Although the study did not directly compare the combinations, it did find potential differences in efficacy. “Our most effective [combination] in terms of response and remission was a combination of ustekinumab and an anti-TNF agent with a combined rate of 81.6%. Our lowest adverse events rate were [with the combination of] tofacitinib and vedolizumab,” said Dr. Osman.

The research is a useful update, according to David T. Rubin, MD, AGAF, who was asked for comment. “This has been explored before, but this is a nice effort to describe and try to compare studies of combination biological therapies or biologicals combined with [the JAK inhibitor]. This is to further explore the efforts being made to break the therapeutic ceiling by combining mechanisms, treat IBD and extra-intestinal manifestations with multiple agents simultaneously, and to explore novel treatment strategies,” said Dr. Rubin, professor of medicine and director of the Inflammatory Bowel Disease Center at University of Chicago Medicine.

He noted that the meta-analysis is limited by heterogeneity among the studies, many of which were case series that had been re-analyzed. The update included some prospective proof-of-concept studies of interest that were not in the earlier meta-analysis, including VEGA (anti-IL13 guselkumab plus anti-TNF golimumab versus either drug alone), and EXPLORER (vedolizumab, adalimumab, methotrexate), as well as a study of infliximab combined with natalizumab.

“We await the ongoing prospective trials of dual targeted therapies and novel designs for a future that will undoubtedly include thoughtful and rational combinations,” said Dr. Rubin.

The review included 23 studies that had a minimum of two patients who were treated with a combination of two biologics or a biologic and tofacitinib. The biologics included the anti-TNF antibodies adalimumab, certolizumab pegol, golimumab, and infliximab; as well as guselkumab, natalizumab, ustekinumab, and vedolizumab. Overall, the studies included 531 patients who underwent 543 therapeutic trials, using 8 different combinations.

The highest pooled clinical response observed was 81.6% with ustekinumab combined with an anti-TNF agent (P = .04, 9 studies, 44 therapeutic trials), which also had the highest remission rate of 64.2% (P = .03).

For the treatment of Crohn’s disease, the highest pooled clinical response and remission rates were also seen with ustekinumab combined with an anti-TNF agent (8 studies, 29 therapeutic trials), at 91.6% (P = .28). In ulcerative colitis, vedolizumab plus ustekinumab had the highest pooled clinical response rate at 100.0% (P = 1.00; 4 studies, 4 treatment trials) and ustekinumab plus an anti-TNF agent F at 100.0% (P = 1.00; 4 studies, 5 treatment trials).

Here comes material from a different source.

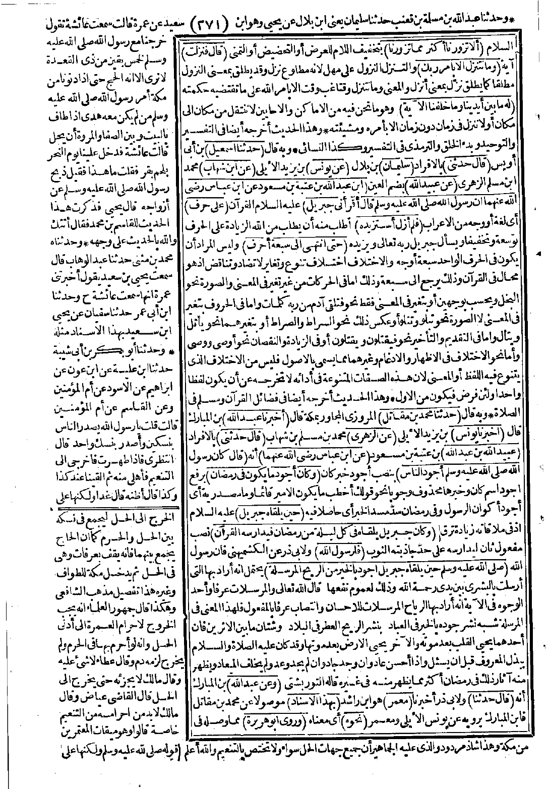 3219 - حَدَّثَنَا إِسْمَاعِيلُ قَالَ: حَدَّثَنِي سُلَيْمَانُ عَنْ يُونُسَ عَنِ ابْنِ شِهَابٍ عَنْ عُبَيْدِ اللَّهِ بْنِ عَبْدِ اللَّهِ بْنِ عُتْبَةَ بْنِ مَسْعُودٍ عَنِ ابْنِ عَبَّاسٍ -رضي الله عنهما- أَنَّ رَسُولَ اللَّهِ -صَلَّى اللَّهُ عَلَيْهِ وَسَلَّمَ- قَالَ: «أَقْرَأَنِي جِبْرِيلُ عَلَى حَرْفٍ، فَلَمْ أَزَلْ أَسْتَزِيدُهُ حَتَّى انْتَهَى إِلَى سَبْعَةِ أَحْرُفٍ». [الحديث 3219 - طرفه في: 4991].

Tofacitinib combined with vedolizumab had the lower adverse event rate (12.5%; P = .10; 8 studies, 76 treatment trials) followed by ustekinumab and an anti-TNF agent (12.7%; P = .08; 9 studies, 43 treatment trials) and tofacitinib plus anti-TNF (13.0%; 6 studies, 27 treatment trials).

Other combinations included guselkumab plus ant-TNF (1 study; clinical response, 69.0%), natalizumab plus an anti-TNF agent (1 study, clinical response, 36.5%), tofacitinib plus an anti-TNF agent (5 studies, clinical response, 71.6%), tofacitinib plus ustekinumab (5 studies, clinical response, 70.8%), tofacitinib plus vedolizumab (8 studies, clinical response, 52.7%), vedolizumab plus an anti-TNF agent (13 studies, clinical response, 62.8%), and vedolizumab plus ustekinumab (12 studies, clinical response, 79.3%).

Dr. Osman has no relevant financial conflicts of interest. Dr. Rubin has received grant support from Takeda, and has served as a consultant for Abbvie, Bristol-Myers Squibb, Janssen Pharmaceuticals, Lilly, Pfizer, and Takeda.